6. Practicing saying no…without
the guilt
Ahh, the art of saying no. I was
just speaking at the Watermark Conference for Women, and being able to say an
effective no was brought up multiple times as a critical skill for working
moms. If you have trouble saying no, it’s helpful to start practicing with
saying no to small things before tackling the big stuff. You will want to be
firm with your no, because otherwise you’ll end up drawing out the process and
wasting additional time and energy. It can often feel more natural to say no
with an appreciation sandwich (example: I appreciate you reaching out and
getting in touch, but I’m unable to help with the bake sale at school next
month. Thank you for leading the charge–I appreciate your dedication to the
school!) so you are both firm and compassionate. Check out this video for more
tips on how to say no without feeling guilty.
7. Prioritize sleep
I can’t help but include this tip
even though it probably seems both obvious and impossible at the same time. So
here it goes: even if it means letting your partner do a night feeding, or
having dirty dishes in the sink, or letting the bed go unmade, do whatever you
can to protect your sleep. I highly recommend investing in an eye mask and
earplugs so that when you do sleep, you get the highest quality sleep possible.
One of the biggest disruptors (besides night feedings!) to our sleep are our
phones. The extra time spent checking Facebook and then Instagram and then
rechecking Facebook before bed not only pushes back our bedtime, but staring at
a screen also disrupts the production of melatonin and messes with our sleep
cycles. Confession: I’m powerless over my phone, so in order to actually put
this tip into practice I had to buy an alarm clock and move my phone and
charger into the kitchen so it wouldn’t tempt me. Consider making a similar
adjustment if you’re finding it difficult to turn off the phone at night.
8. Plan and delegate
Setting clear expectations with
your partner about responsibilities at home is important in any marriage, but
especially a marriage with children. Can’t seem to convince your husband to do
more around the house? Try sending him this study that shows that couples have
more sex when household chores are shared.

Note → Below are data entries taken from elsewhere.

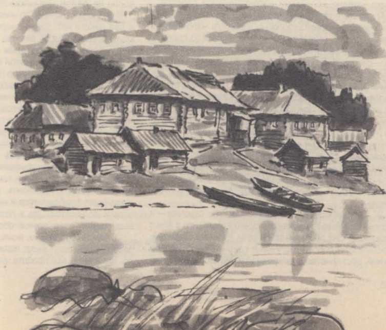
Рисунки В. ВЫСОЦКОГО.

Много позднее я сформулировал для себя принцип бережности в воспитании. От способности педагога к тончайшим духовным прикосновениям к детям зависит многое. Эти прикосновения — и взглядом, и улыбкой, и едва заметным движением, и ладонью, и подушечками пальцев, и поэтической строчкой, и ошеломительным хохотом, и игрой, и удивлением, и приказом, и взрывом гнева, и доброй увлеченностью — все эти прикосновения в основе своей нравственны.
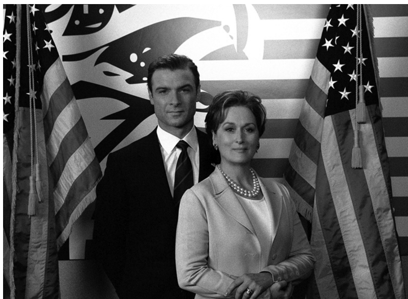
Кадр из фильма «Манчжурский кандидат» (2004)

Перед президентскими выборами 2004 г. жена 42-го президента, занимавшая на тот момент сенаторское кресло, считалась одним из наиболее вероятных соперников действующего главы государства на выборах, но не стала выдвигаться. За три месяца до голосования кинокомпания Paramount, ранее организовавшая встречу советника Джорджа Буша-младшего с кинобоссами Голливуда, выпустила в американский прокат
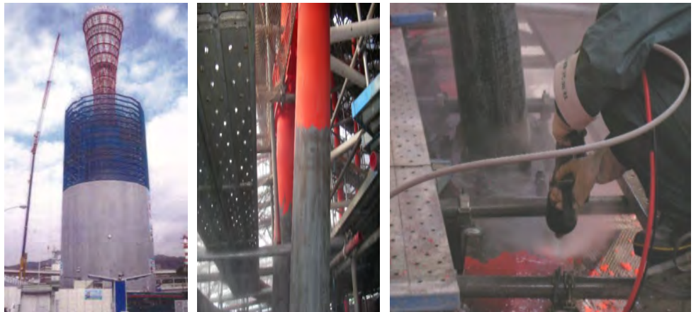
神戸ポートタワーでの試験施工例
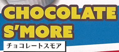
CHOCOLATE S'MORE チョコレートスモア
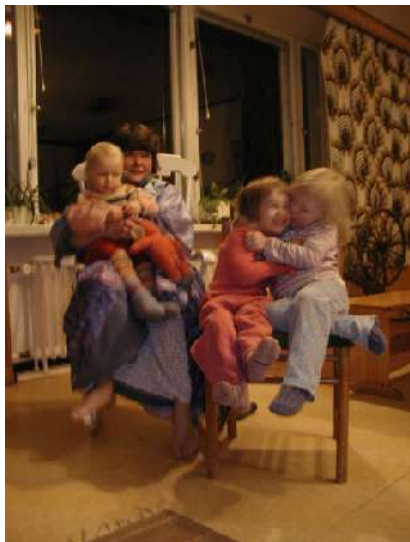
Esiäiti ja lapsukaiset
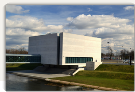
BRAMA POZNANIA Ostrów Tumski, nowoczesna narracja.
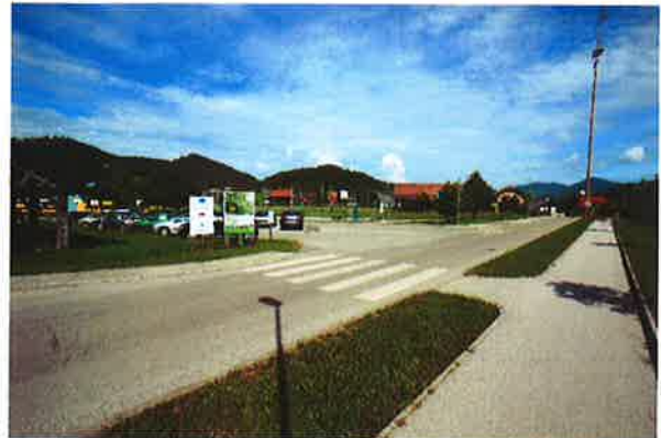
Boštanj, ureditev pri osnovni šoli
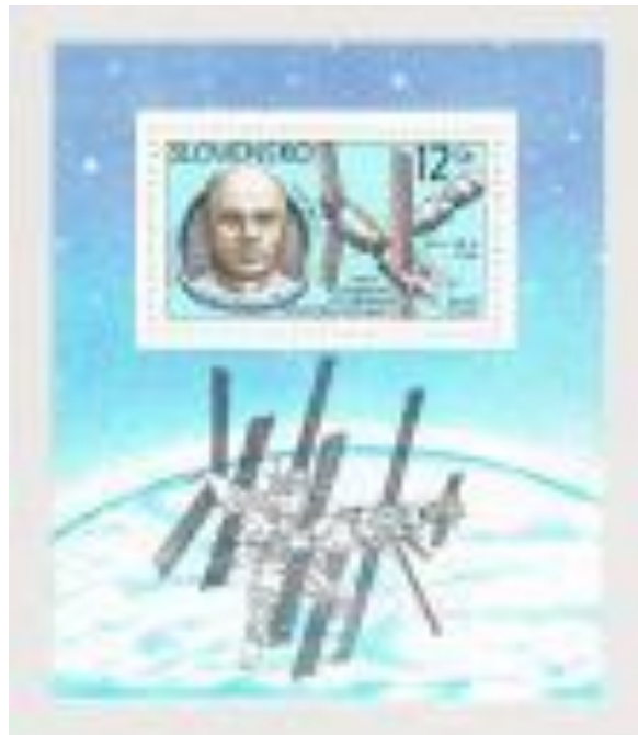
(スロバキア、1999年発行)
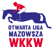
TABELA RANKINGOWA – 2016 OTWARTEJ LIGI MAZOWSZA W WKKW PO III ELIMINACJI Rozegranej 02-03.07.2016 r. w WKJ „Gabon” w Walewicach
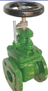
fig 330P schuifafsluiter PN10 huis gietijzer GG25 - GJL-250 bronzes dichting en spindel voorzien van standaarduiding DN40 - DN400 temp. : -10°C/+120°C inbouw lengte DIN 3202 F4 niet-stijgend handwiel en spindel
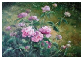
Bujorii din grădină, up, 40 x 50 cm
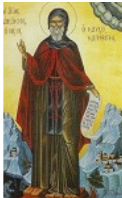
Όσιος Ακάκιος ο Νέος, ο Καυσοκαλυβίτης
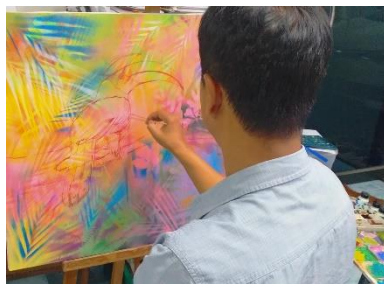
ลำดับที่ 5 การร่างรูป
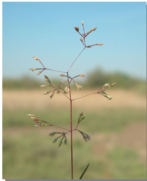
S. divaricatus . Detalle de la espiga
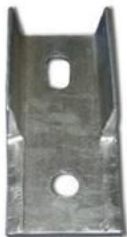
FIXADOR DE PERFIL U
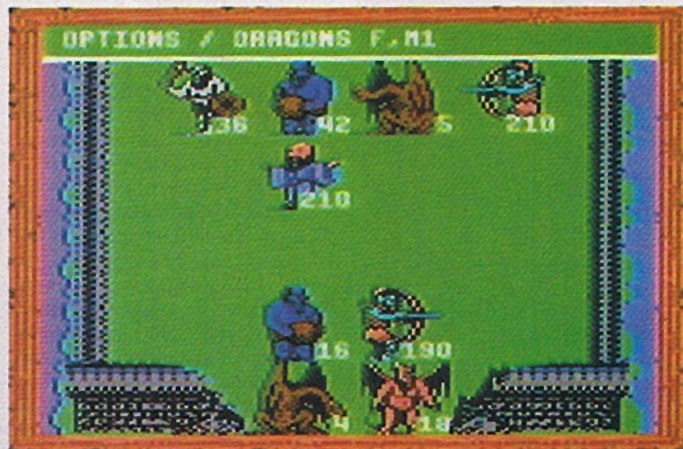
Kampf in einem der vielen Castles

nach dem Zepter behilflich sein wird. Ich muß einfach alle Castles, die in einem Wald stehen, abklappern. Aber nun nach »Saharia«. Es folgte wieder eine lästige Umseglung des Kontinents. Ich fand aber kaum Goldkisten. »Saharia« besteht hauptsächlich aus einer großen Wüste. Nur im Landesinneren sind Gebirgszüge zu finden. Diese bilden in der Mitte des Kontinents ein Labyrinth, dessen Eingang auf der östlichen Seite liegt. In der Wüste findet man keine Gegner, erst im Labyrinth. Dieses betrete ich erst gar nicht, denn es gibt dort keine leichten Gegner. Ich umlaufe die Gebirgszüge und entdecke die Zaubersprüche »Demons« und
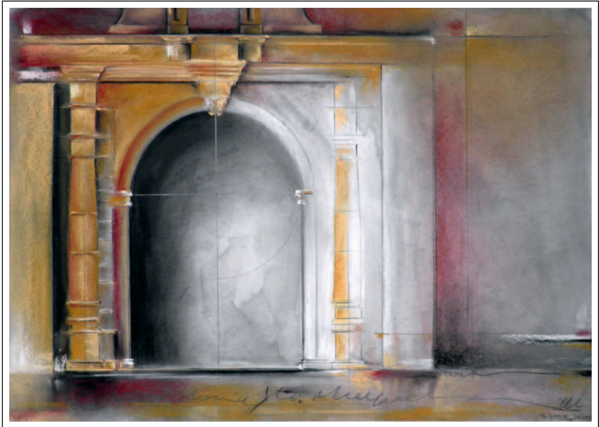
"Santa María la Mayor" 50x70. Pastel sobre papel hecho a mano
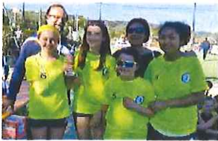
La squadra vincitrice del Vallecrosia Green

Dopo 19 edizioni, giustamente, un torneo deve essere considerato un appuntamento più che tradizionale, anche se a disputarlo sono atleti ed atlete giovanissimi che si stanno affacciando solo ora al mondo dello sport. È questo il caso di «Palla in... Centro» che appunto da 19 volte richiama a Diana il meglio del minivolley provinciale e non solo. Ancora una volta ad accogliere l'evento è stato il Bowling di Diana che domenica scorsa ha visto un'agguerrita ma sempre amichevole competizione che, come abitudine, segna l'arrivo della bella stagione e dell'attività all'aperto del minivolley.
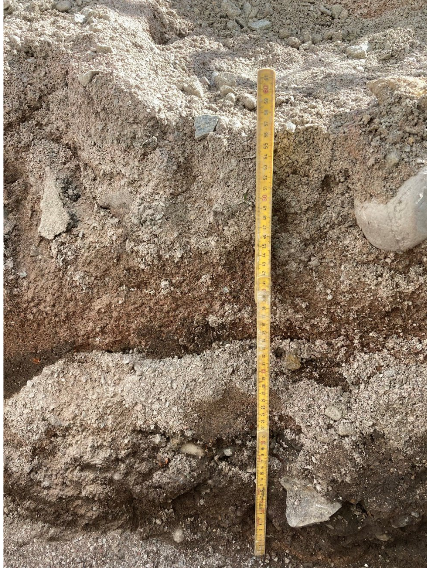
Foto 2: Nordöstra schaktväggen där det var som djupast. Vid den punkt där höjdmått för marknivån markerats på figur 2.

Another power tip for working moms
is to do meal planning every Sunday night. This will help save yourself the
hassle of figuring out what you’re going to have for dinner while your stomach
grumbles.
9. Pay it forward
If there isn’t a moms group at
your company, start one. Talk to HR about how they can improve their policies
and how they can better reintegrate moms post-maternity leave. If the HR team
is hesitant, you can send them this study that shows that having great parental
leave policies is a key way to attract and retain top talent.
The transition back to work after
having a baby can be a rocky one, but hopefully with these tips in hand you
will be better prepared for what lies ahead.